We’ve all been there, something goes wrong in our application and we start the tedious task of ‘grep'ing through thousands of lines of logs to find out what’s going on. Once you have a couple of servers or containers this becomes an almost impossible task and the classic SSH and tail won’t serve you well anymore. In this talk Philipp Krenn, developer at Elastic, talked about some logging patterns using the Elastic Stack.
Centralized PHP Logging Patterns
Elastic stack?
So what is this Elastic Stack you might ask? The Elastic Stack mainly consists of four services. Obviously got Elastic Search, which will serve as a database for all of our logs. Kibana will handle the presentation layer, here we can make a neat representation of our logs and create some more user-friendly interfaces. Beats will forward our logs and serve them to our database. Finally, logstash is used to parse and enrich the data we want to send to our Elastic Search.
Logging Patterns
Krenn proposed five ways to centralize your logs in your Elastic Stack, companies should pick the ones that fit their needs best. I'll go over them briefly but make sure to check out code examples on his github.
- Parsing: Utilizing the grok debugger in Kibana, you can parse the relevant pieces of information out of your logfile to something readable and filterable by using regular expressions. Over time you’ll have a good sample size of reusable expressions to quickly get the data you need over multiple projects. Alternatively, elastic also offers the data visualizer which can detect possible fields and make your job easier.
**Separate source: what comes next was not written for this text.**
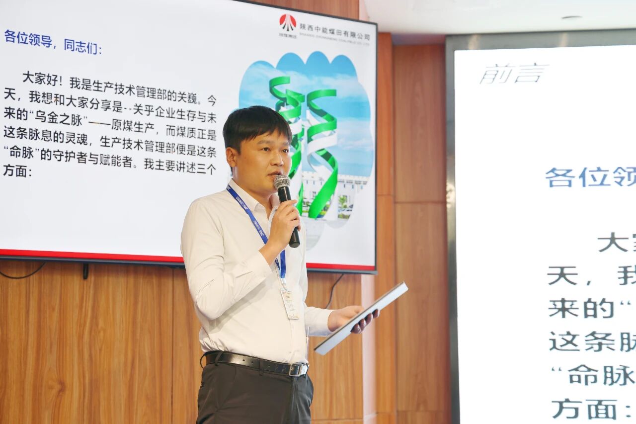 提问环节更将比赛推向高潮。公司领导现场抽题、精准发问,选手们沉着应答、逻辑清晰,既展现了扎实的业务功底,更彰显了中能人“以学促干”的实干风采。“煤似乌金,心洁如玉”“主动、精细、速度、到位”“中能好,大家好;中能事,大家干”……一句句掷地有声的应答,响彻赛场,彰显出中能人对企业文化的深刻理解与实践担当。

Disadvantages: Regex is tedious. What about multiline logs? Wat about different log formats? - Send: Of course you can also use an appender, like GelfHandler or ElasticSearchHandler, to send your events directly to elastic without first persisting them to a log file.
Disadvantages: This is very tightly coupled. You wont have any logs during outages. - Structured: You could write your events in a structured format like JSON and centralize them afterwards, you won’t even need logstash to parse the files for you. The elastic community offers the Elastic Common Schema to help you normalize your JSON files. The ECS specifies a common set of fields when storing event data in Elasticsearch.
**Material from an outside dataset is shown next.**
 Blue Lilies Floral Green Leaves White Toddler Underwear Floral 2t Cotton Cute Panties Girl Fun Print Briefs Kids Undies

Disadvantages: Again, this is very tightly coupled. Serialization is very slow and will cause you some overhead. - Containerize: Enter Docker containers. Everybody is using Docker containers these days, right? Of course you can log everything in your Docker logs and send this to Elastic. You can easily enrich your logs by adding metadata from Docker itself. This is probably the way to go for most companies. Through the Docker socket you can gather all log files from running containers and process them.
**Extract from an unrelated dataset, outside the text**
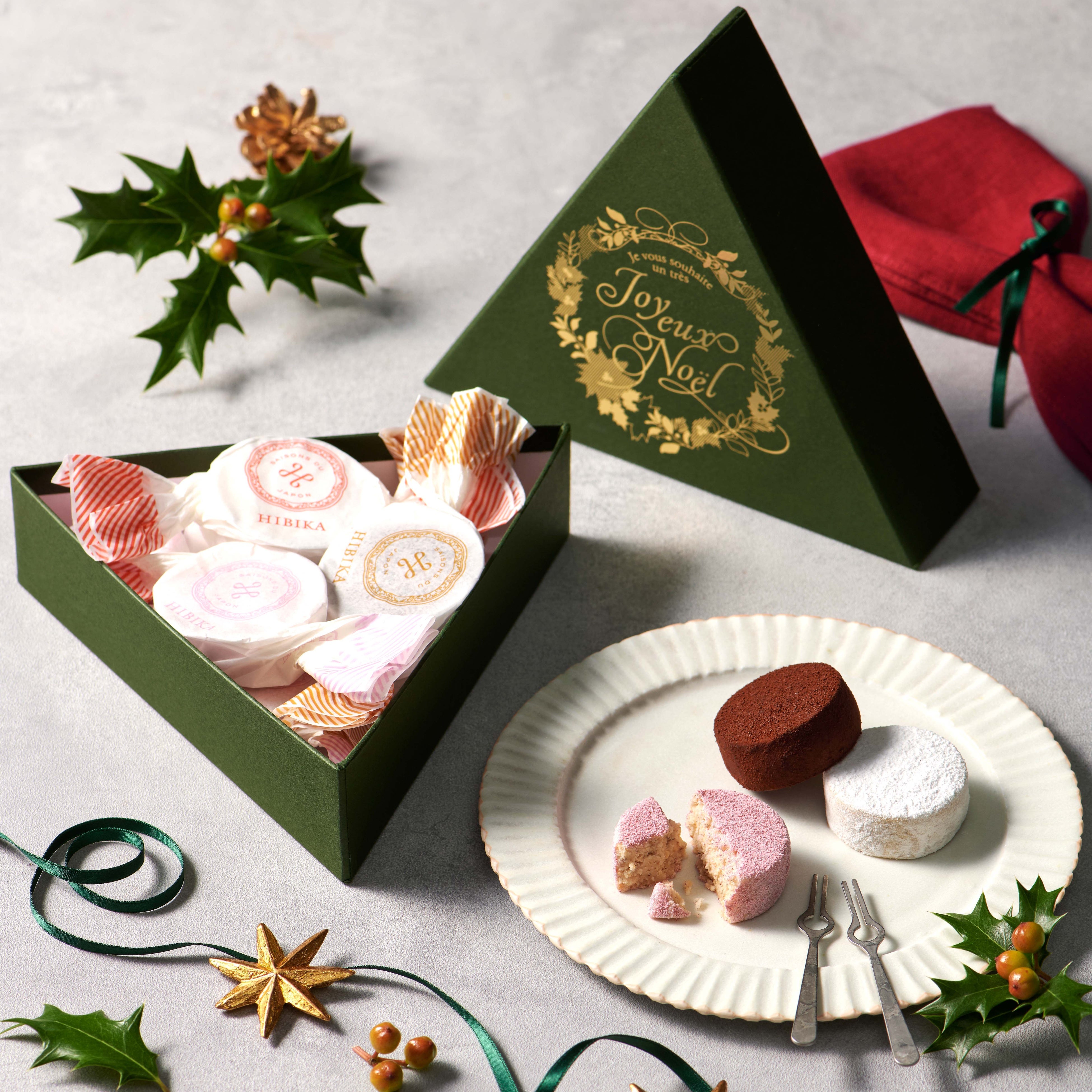 HIBIKAでは、家族や恋人、友人など、大切なひとと過ごすクリスマスが素敵な1日になりますように、という気持ちを込めて、クリスマスギフトをご用意いたします。冬のポルボロン〈ノエル〉は、クリスマス限定の新フレーバー・フランボワーズと季節の味わいヘーゼルナッツ、ショコラを詰め合わせました。

Disadvantages: A little bit more complex to set up and get right. - Orchestrate: Kubernetes is the next step up from running non-orchestrated Docker containers. Setting up a daemonset of Fluentd containers allows it to gather all logs from all nodes automatically. Kubernetes makes sure when scaling the number of nodes in the cluster all logging remains consistent. Because of easy scalability Kubernetes is the ideal choice to host your ELK Stack because it can easily adapt to the variable amount of logs you want to process.
Disadvantages: Expert level setup
Conclusion
You don't have to go all out and turn your whole infrastructure on it's head just to have a nice logging pattern. Pick the structure that works best for your organisation and work towards better solutions when it's fit to do so. This talk just gave you some nice examples and hopefully some inspiration to have a professional logging infrastructure in your company.